The
debate about whether prison and jail inmates deserve a minimum wage
continues as it has for years, with a local paper upstate in New York
editorializing this month, “No higher wages for inmates”
and that a bill that would provide a minimum wage of $3 per hour is
“ridiculous.”
As
the Daily Gazette of Schenectady noted, “The bill's sponsors
say the legislation is designed to 'end the last vestiges of
slavery.'” But it immediately also noted: “What it
really ends is the last vestiges of fiscal sanity.” So, is it
right to pay inmates for work or do they not deserve the dignity of a
paycheck, as any other worker would receive?
As
the debate becomes contentious, as illustrated by the above
editorial, it's easy to fall back on the argument about the purpose
of incarceration. Is it for punishment or rehabilitation? Should
those who are thrown into prison or jail expect punishment while
incarcerated or is the loss of their freedom enough punishment?

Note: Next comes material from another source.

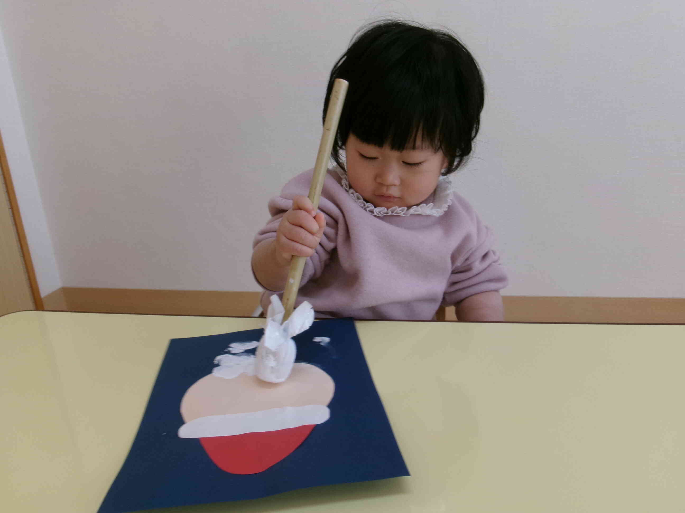 タンポスタンプを使ってサンタさんのおひげを付けました!

Prison reformers will say that the latter applies, that losing one's
freedom for a year or 10 years or 50 years is enough punishment, but
that is another, quite complicated, question.
Inmates
are paid for their work, but for the most part, they are paid a
pittance. For most, they are paid pennies an hour (10 cents or 25
cents), but some are paid the munificent sum of as much as $1 an
hour. When prison labor is farmed out to private companies, the
federal government or county may be paid the equivalent of the
prevailing minimum wage, but that is not a guarantee. Those who
claim that a minimum wage for prisoners is ridiculous, because of the
cost of incarceration for a single prisoner, according to the Daily
Gazette, is $69,300 per year in New York, which has 51,000 convicted
criminals behind bars.
Even
if most of wages of an inmate were taken for his or her
incarceration, it would not go far to pay for such a high cost of
incarceration. That would not be the purpose of a minimum wage, but
it would help pay for some of the prisoner’s costs of living,
such as food from the commissary, mailing costs, visits and phone
calls from family, among other expenses. Again, this would be a much
wider debate about the purpose of incarceration: punishment or
rehabiliation. Most states and the federal government now call their
prisons “correctional facilities,” which indicates that
they wish to help prepare inmates for crime-free life outside, when
they are released, if they are ever released.
The
paper quoted a recently-elected state lawmaker who is adamantly
opposed to a minimum wage for inmates, stating: “State Sen.
Daphne Jordan hit the nail on the head when she said that law-abiding
workers shouldn't be supporting the wages of criminal workers.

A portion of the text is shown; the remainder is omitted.